Da quando ha preso in mano il timone del calcio italiano, Gravina ha gustato un unico dolce boccone, l’inopinata vittoria nell’Europeo del 2021, con Roberto Mancini in panca e il mai abbastanza compianto Gianluca Vialli a tenere unito e su di giri il gruppo azzurro, dall’alto del suo carisma. Mentre Buffon, suo erede di ruolo, fa il pesce in barile e si sgancia. “Non parlo, parlino gli altri”. Capito il personaggio?
Tutto il resto dell’era Gravina, fiele e batoste memorabili in serie. Il doppio rigore fallito da Jorginho contro la Svizzera (toh…), costato il Mondiale di Russia (e due, consecutive assenze!), la fuga di Mancini verso l’Eldorado saudita, il nuovo corso di Luciano Spalletti.
Le avvisaglie del disastro ben chiare fin dall’avvio, la stiracchiata vittoria sulla piccola Albania salutata come l’epifania dell’alba azzurra. La Spagna ci aveva riportato sulla terra e la Croazia aveva confermato l’esistenza dello storico Stellone nazionale. Ma nessuna traccia di calcio giocato, organizzazione di squadra, personalità e garra nei calciatori, nei calciatori.
E sul mix velenoso le incertezze tattiche di Spalletti: difesa a quattro, non difesa a tre, imponiamo il nostro gioco, no giochiamo più prudenti, facciamo girare il pallone purché si riesca a governarlo, ipotesi fracassata dalla impietosa realtà.
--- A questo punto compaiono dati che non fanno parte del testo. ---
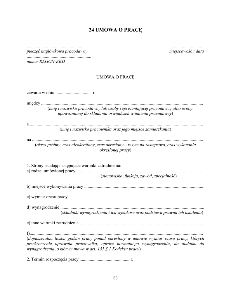 24 UMOWA O PRACĘ ..................................................... pieczęć nagłówkowa pracodawcy ......................................................... numer REGON-EKD .............................. miejscowość i data UMOWA O PRACĘ zawarta w dniu ............................... r. między ............................................................................................................................................... (imię i nazwisko pracodawcy lub osoby reprezentującej pracodawcę albo osoby upoważnionej do składania oświadczeń w imieniu pracodawcy) a ......................................................................................................................................................... (imię i nazwisko pracownika oraz jego miejsce zamieszkania) na ....................................................................................................................................................... (okres próbny, czas nieokreślony, czas określony – w tym na zastępstwo, czas wykonania określonej pracy) 1. Strony ustalają następujące warunki zatrudnienia: a) rodzaj umówionej pracy ................................................................................................................ (stanowisko, funkcja, zawód, specjalność) b) miejsce wykonywania pracy ......................................................................................................... c) wymiar czasu pracy ....................................................................................................................... d) wynagrodzenie ............................................................................................................................... (składniki wynagrodzenia i ich wysokość oraz podstawa prawna ich ustalenia) e) inne warunki zatrudnienia ............................................................................................................. f)......................................................................................................................................................... (dopuszczalna liczba godzin pracy ponad określony w umowie wymiar czasu pracy, których przekroczenie uprawnia pracownika, oprócz normalnego wynagrodzenia, do dodatku do wynagrodzenia, o którym mowa w art. 151 § 1 Kodeksu pracy) 2. Termin rozpoczęcia pracy ............................................ r. 63 ....................................................................... podpis pracownika .................................................................... podpis pracodawcy lub osoby reprezentującej pracodawcę albo osoby upoważnionej do składania oświadczeń w imieniu pracodawcy Zdroj: http://www.druki.gofin.pl/umowa-o-prace,wzor,373,54.html PREKLADOVÝ SLOVNÍČEK art. (artykuł) čl. (článok) czas nieokreślony doba neurčitá czas określony doba určitá Kodeks pracy Zákonník práce nagłówek hlavička, záhlavie, nadpis, titul okres próbny skúšobná lehota (doba) podstawa prawna právny základ pracodawca zamestnávateľ REGON-EKD (Rejestr Gospodarki Narodowej-Europejska Klasyfikacja Działalności) IČO-NACE (identifikačné číslo organizácieeurópska klasifikácia ekonomických činností) składać oświadczenie predkladať vyhlásenie, vyhlasovať składnik súčasť, komponent, zložka specjalność špecializácia stanowisko pozícia umowa «pisemne lub ustne porozumienie stron, mające na celu ustalenie wzajemnych praw i obowiązków; też: dokument, w którym są określone te prawa» zmluva «dohodnutie sa (obyčajne písomné) niekoľkých ľudí alebo strán na nejakej veci, dohoda» umowa o pracę pracovná zmluva upoważniony oprávnený ustalenie stanovenie, určenie warunek podmienka wymiar czasu pracy dĺžka pracovnej doby wynagrodzenie mzda, plat, odmena zastępstwo zastupovanie 64 zatrudnienie zamestnanie zawarty uzavretý zawód profesia 65

Mai vista un’Italia altrettanto scarsa, irresoluta, scadente nella proposta di gioco, debole nella corsa, molle nei contrasti uomo a uomo. L’anticalcio. Appunto, e ora Spalletti si arrampica sugli specchi, scopre che i suoi non avevano ritmo, erano lenti, sfrangiati. Analisi scontata ma dove stanno le cause? Chi ha scelto i giocatori, chi li ha allenati, atleticamente e tatticamente, chi li ha miscelati sul capo?
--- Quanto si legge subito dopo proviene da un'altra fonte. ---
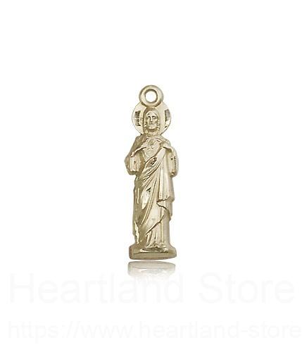 This Sacred Heart Medal is made of 14 Karat Gold. The jewelry pendant is sold as pictured and does not come with a chain. All medals are gift boxed in a light blue velvet jewelry box ready for gift giving.

Ha ragione Fabio Capello: Spalletti aveva sparpagliato sul campo i suoi, senza una logica, senza un vero progetto di gioco. Ora dobbiamo sorbirci le geremiadi dei colpevoli del disastro. Si eludono i nodi del problema. Sono davvero così scarsi Di Lorenzo Barella, Darmian, Chiesa, Scamacca? A rivederli con le rispettive squadre di club non si direbbe.
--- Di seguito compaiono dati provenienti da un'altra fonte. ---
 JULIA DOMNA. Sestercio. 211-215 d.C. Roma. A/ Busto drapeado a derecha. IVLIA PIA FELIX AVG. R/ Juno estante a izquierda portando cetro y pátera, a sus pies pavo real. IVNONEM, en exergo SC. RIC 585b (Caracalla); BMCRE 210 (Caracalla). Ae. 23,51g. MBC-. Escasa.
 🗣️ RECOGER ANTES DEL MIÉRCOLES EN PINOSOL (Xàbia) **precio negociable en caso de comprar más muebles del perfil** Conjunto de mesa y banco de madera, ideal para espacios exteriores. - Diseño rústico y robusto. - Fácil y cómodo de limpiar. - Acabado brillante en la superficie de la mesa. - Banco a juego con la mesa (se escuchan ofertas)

Allora perché il flop azzurro? Non sarà difettoso il manico? Il mestiere del ct è lontano parente del lavoro dell’allenatore. Spalletti è un eccellente tecnico ma ha dimostrato di non essere (ancora?) entrato nei panni del ct. Nulla di inedito. Era già accaduto.
Valcareggi, Bearzot e Vicini non avevano mai allenato squadre di club ad alto livello, tuttavia da ct azzurri avevano centrato traguardi importanti. Lo stesso discorso vale per calciatori e allenatori. Il campione della Grande Inter di Helenio Herrera, Luisito Suarez, da allenatore ebbe una carriera modesta. Calciatori di bassissimo livello come Sarri, Mourinho e Sacchi in panchina con squadre di club hanno colto allori internazionali.
Tornando a Spalletti, il suo calcio offensivo ha bisogno di interpreti all’altezza e al momento non ce ne sono,. Un ct non deve pretendere di modellare la nazionale a sua immagine e somiglianza, bensì adattarsi al materiale a disposizione- Che non è eccelso, ma neppure così scadente come è apparso nella debacle tedesca.
Proseguire con il sor Luciano, uno che è convinto di avere la verità in tasca e non sa mettersi in discussione, è un azzardo che potremmo pagare ancora più caro.